• YOUR INSTRUCTIONS:
Since the listing below shows pictures, leave them out and write out exactly the lines from the line with "Free People Orange" to the line with "- Do zemiakov", both included, and no others.
━━━━━ EXTRACTED MATERIAL ━━━━━
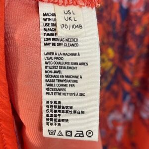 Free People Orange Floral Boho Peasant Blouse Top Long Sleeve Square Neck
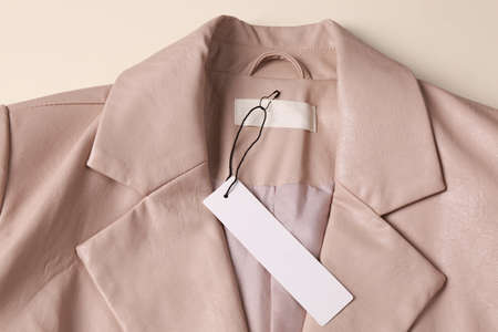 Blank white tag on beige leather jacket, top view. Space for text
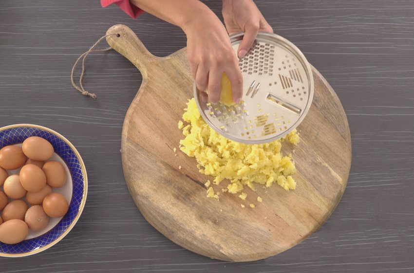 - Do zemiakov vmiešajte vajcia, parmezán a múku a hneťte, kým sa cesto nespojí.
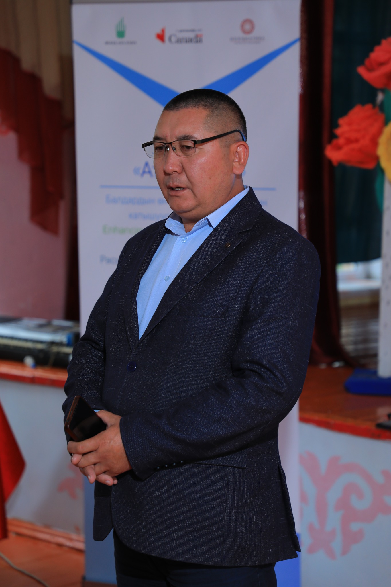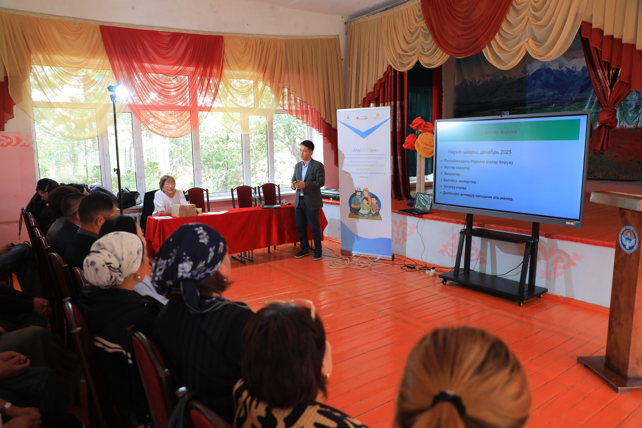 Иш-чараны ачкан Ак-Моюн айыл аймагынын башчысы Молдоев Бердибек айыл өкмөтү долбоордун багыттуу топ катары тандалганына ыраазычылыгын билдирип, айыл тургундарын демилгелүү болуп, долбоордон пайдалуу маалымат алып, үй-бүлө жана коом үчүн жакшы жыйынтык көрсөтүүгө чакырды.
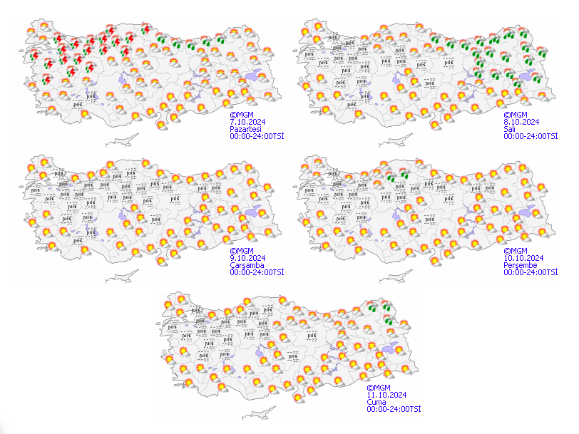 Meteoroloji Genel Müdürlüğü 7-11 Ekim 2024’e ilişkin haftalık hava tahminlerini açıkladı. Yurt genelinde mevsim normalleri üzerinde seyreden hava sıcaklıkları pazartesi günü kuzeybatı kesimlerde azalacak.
━━━━━
━━━━━ EXTRACTED MATERIAL ━━━━━
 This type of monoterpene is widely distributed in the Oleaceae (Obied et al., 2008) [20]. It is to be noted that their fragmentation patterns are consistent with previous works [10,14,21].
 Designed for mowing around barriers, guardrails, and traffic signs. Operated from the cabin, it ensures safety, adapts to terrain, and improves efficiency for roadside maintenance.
━━━━━
• SOLUTION FOR THIS EXERCISE:
 Free People Orange Floral Boho Peasant Blouse Top Long Sleeve Square Neck
 Blank white tag on beige leather jacket, top view. Space for text
 - Do zemiakov vmiešajte vajcia, parmezán a múku a hneťte, kým sa cesto nespojí.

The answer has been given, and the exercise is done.